The mosque fits about five thousand worshippers, but it regularly overflows at Friday prayers with thousands more people praying in the courtyard.

There are reminders in this prominent cabinet of the 2000 Sharon visit which sparked the Second Intifada.

They are the shells of the ammunition used when Israeli police stormed the compound. They are under lock and key.

We were then ushered to the bright shining 1321 year old Dome of the Rock.

The shrine is impossible to miss in Jerusalem as it is covered in millions of dollars worth of Saudi Arabian and Jordanian gold.

As you get closer you see the enormous dome sits on a octagonal building covered in 400 year old blue-themed Islamic tiles.

Contentiously, it was built on the site of the Second Jewish Temple which had been destroyed by the Romans. Some Jews want the Dome moved to Mecca make way for a Third Temple.

The dome’s interior is undergoing a revamp due to shooting.

The Muslim guide was not specific on when it happened, but bullets must have hit the beautiful mosaics.

Scaffolding obscured many of the views, but Koranic lines painted in the time of Saladin could be clearly seen.

The dome is built over the Foundation Stone.. a place which has been described as a dangerous piece of real estate.

Muslims believe the rock is the spot where Muhammad rose to Heaven to talk to God, Jews view it as the spiritual junction of Heaven and Earth.. and geographically it is the highest natural point in Old Jerusalem.

All on the tour gathered ’round to hear about the Dome of the Rock.

The guide says a single hair from Muhammad is somewhere in the building.

As we asked questioned and listened, worshippers came in and out.

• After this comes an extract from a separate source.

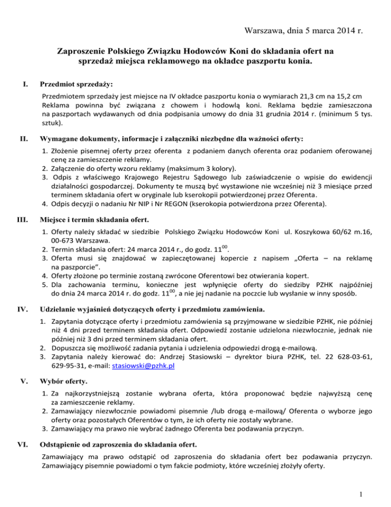 Warszawa, dnia 5 marca 2014 r. Zaproszenie Polskiego Związku Hodowców Koni do składania ofert na sprzedaż miejsca reklamowego na okładce paszportu konia. I. Przedmiot sprzedaży: Przedmiotem sprzedaży jest miejsce na IV okładce paszportu konia o wymiarach 21,3 cm na 15,2 cm Reklama powinna być związana z chowem i hodowlą koni. Reklama będzie zamieszczona na paszportach wydawanych od dnia podpisania umowy do dnia 31 grudnia 2014 r. (minimum 5 tys. sztuk). II. Wymagane dokumenty, informacje i załączniki niezbędne dla ważności oferty: 1. Złożenie pisemnej oferty przez oferenta z podaniem danych oferenta oraz podaniem oferowanej cenę za zamieszczenie reklamy. 2. Załączenie do oferty wzoru reklamy (maksimum 3 kolory). 3. Odpis z właściwego Krajowego Rejestru Sądowego lub zaświadczenie o wpisie do ewidencji działalności gospodarczej. Dokumenty te muszą być wystawione nie wcześniej niż 3 miesiące przed terminem składania ofert w oryginale lub kserokopii potwierdzonej przez Oferenta. 4. Odpis decyzji o nadaniu Nr NIP i Nr REGON (kserokopia potwierdzona przez Oferenta). III. Miejsce i termin składania ofert. 1. Oferty należy składać w siedzibie Polskiego Związku Hodowców Koni ul. Koszykowa 60/62 m.16, 00-673 Warszawa. 2. Termin składania ofert: 24 marca 2014 r., do godz. 1100. 3. Oferta musi się znajdować w zapieczętowanej kopercie z napisem „Oferta – na reklamę na paszporcie”. 4. Oferty złożone po terminie zostaną zwrócone Oferentowi bez otwierania kopert. 5. Dla zachowania terminu, konieczne jest wpłynięcie oferty do siedziby PZHK najpóźniej do dnia 24 marca 2014 r. do godz. 1100, a nie jej nadanie na poczcie lub wysłanie w inny sposób. IV. Udzielanie wyjaśnień dotyczących oferty i przedmiotu zamówienia. 1. Zapytania dotyczące oferty i przedmiotu zamówienia są przyjmowane w siedzibie PZHK, nie później niż 4 dni przed terminem składania ofert. Odpowiedź zostanie udzielona niezwłocznie, jednak nie później niż 3 dni przed terminem składania ofert. 2. Dopuszcza się możliwość zadania pytania i udzielenia odpowiedzi drogą e-mailową. 3. Zapytania należy kierować do: Andrzej Stasiowski – dyrektor biura PZHK, tel. 22 628-03-61, 629-95-31, e-mail: [email protected] V. Wybór oferty. 1. Za najkorzystniejszą zostanie wybrana oferta, która proponować będzie najwyższą cenę za zamieszczenie reklamy. 2. Zamawiający niezwłocznie powiadomi pisemnie /lub drogą e-mailową/ Oferenta o wyborze jego oferty oraz pozostałych Oferentów o tym, że ich oferty nie zostały wybrane. 3. Zamawiający ma prawo nie wybrać żadnego Oferenta bez podawania przyczyn. VI. Odstąpienie od zaproszenia do składania ofert. Zamawiający ma prawo odstąpić od zaproszenia do składania ofert bez podawania przyczyn. Zamawiający pisemnie powiadomi o tym fakcie podmioty, które wcześniej złożyły oferty. 1

Some were a little disturbed by our presence.

Soon enough it was time to go.

We were shuffled out of the Dome of the Rock with the guides still disputing minor points while questions ricocheted in our heads.

Outside ABC Middle East Correspondent Anne Barker and I soaked up the atmosphere while the last questions were answered and bullet holes were revealed in the side of the ancient building.

Muslim women relaxed in the sun and children played on the wide open concrete space.

We had to choose the right gate to leave the Dome of the Rock.. and then we were back in real world Jerusalem.